Alexios I Comnenus was an outstanding ruler of the Byzantine Empire. He came to the throne at a time when the empire had threats on all sides. The Turks attacked in the east/Asia Minor, the Pechenegs marched in from the north, and the brilliant Norman leader, Robert Guiscard, menaced from the west. By the end of Alexios’s long reign, Robert Guiscard was in his grave, the Pechenegs thoroughly eliminated, and the Turks at least at a standstill, if not pushed back slightly. But the price Alexios had to pay was higher than he knew.
All these enemies were formidable, but the ambitions of the Norman adventurer Guiscard posed the most immediate threat. The Norman had seen the Byzantines ruled by a succession of weak and venial emperors. He had conquered Bari, the last Byzantine territory in Italy. Alexios was a new and young emperor. Guiscard saw an opportunity to acquire the rest of the empire for himself, much like William the Conqueror in England a few years earlier. Alexios had to use every resource available to hire and supply his army.
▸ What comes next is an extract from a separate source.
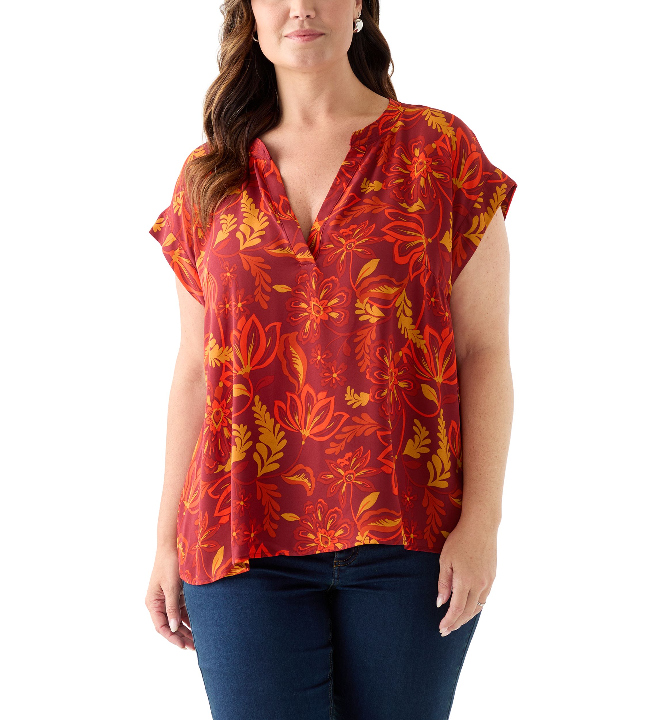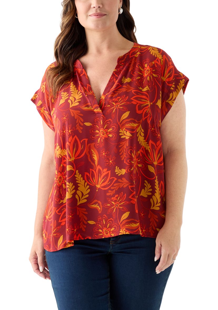 Vince Camuto Plus Size Short Sleeve V-Neck Front Placket Blouse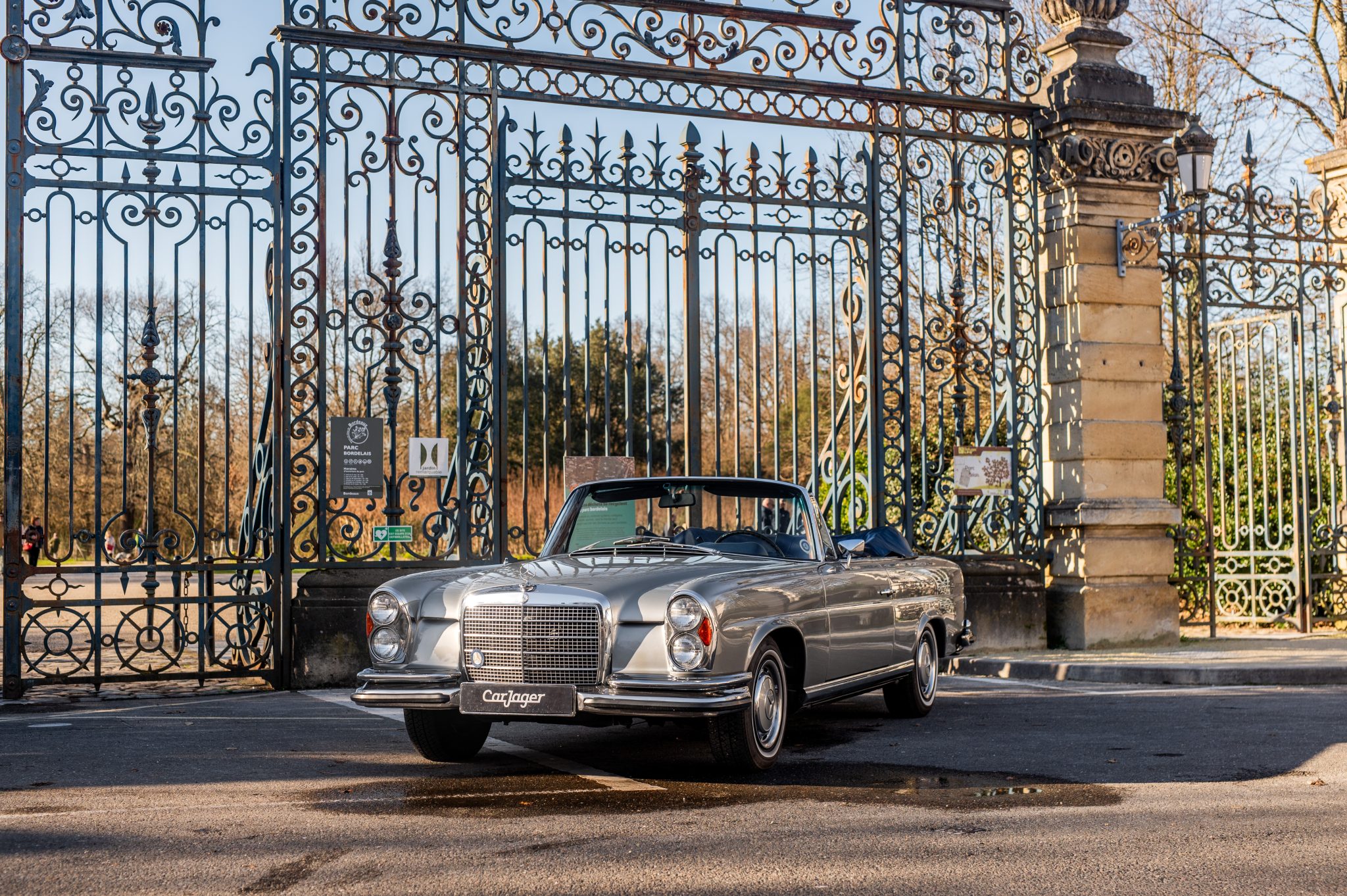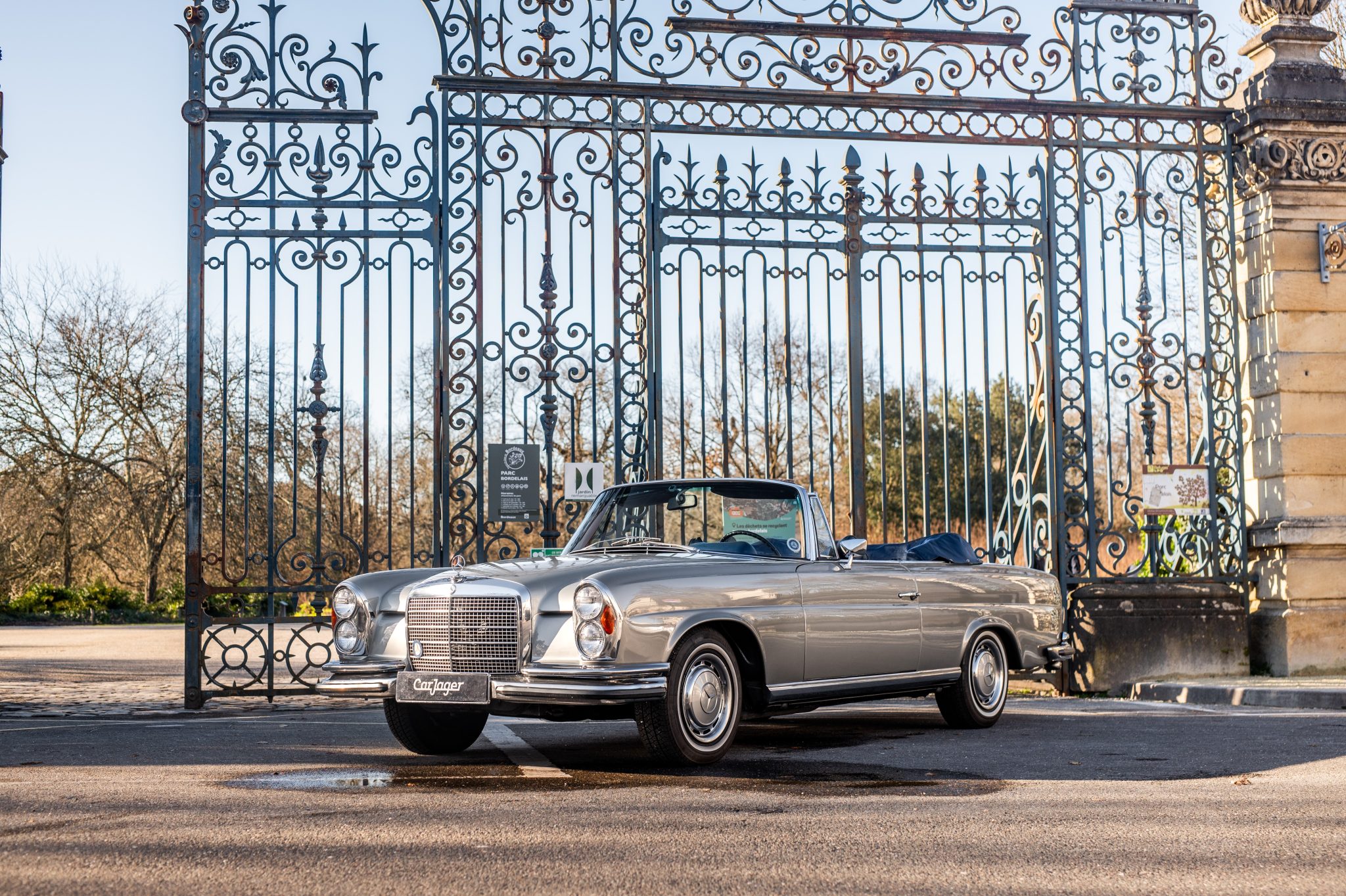 The 280SE 3.5 was factory equipped with four-wheel disc brakes, power steering, and 14″ steel wheels. This car’s Michelin MXV whitewall tires were installed in 2018, and the front brake pads were changed in 2021.

Alexios asked for naval assistance from the Venetians, who did nothing without getting paid for it. However, instead of paying in gold (which was scarce), he paid in trading concessions. He allowed the Venetians to set up their own businesses in Constantinople, the first foreigners ever permitted this privilege. In addition, they no longer had to pay the usual 10% tariff when bringing goods into the city.
Venice’s navy did its part to slow Guiscard’s efforts. Alexios used other means to distract Guiscard from approaching Constantinople. He sent a king’s ransom in gold and treasures to the German emperor, who attacked Guiscard’s holdings in Italy. After several years of Alexios’ desperate maneuverings, Guiscard finally died of a fever on the beach of a Greek island in 1085.
The Byzantine government strictly regulated its merchants and what prices they charged. Now, the Venetian merchants no longer had to adhere to those rules. Without the 10% tariff, the Venetians gained a competitive edge over local merchants and other Italians. In a desperate time, it was a minor issue, but over time its impact grew. Later emperors tried to do away with Alexios’ concession to the Venetians, without success.
About 90 years later, in 1171, the merchants and people of Constantinople reached their limit. The government arrested all Venetians in the empire and seized their goods. The Venetians sent several expeditions to Constantinople to settle the disputes, and included in these was Enrico Dandolo, the scion of a prominent family then in his 60s. Dandolo developed an implacable hatred for the Byzantines during these protracted negotiations (they lasted 12 years).
The Fourth Crusade
In 1192, at the age of 85 and already blind, the people of Venice elected Dandolo to the position of Doge. He was the Doge and a key leader of the Fourth Crusade that sacked Constantinople in 1204. The Venetians hauled off to Venice innumerable precious objects, artwork and gold, including the four horses seen below.
Alexios I could not have anticipated this result when he signed his agreement with Venice in 1082. Guiscard’s menace was immediate and he had to address it, however he could manage it. Still, if Alexios’ understanding of economics had been better, he might have agreed to the concessions for a period of time, perhaps 10-20 years, limiting its impact on both the Byzantines and Venetians.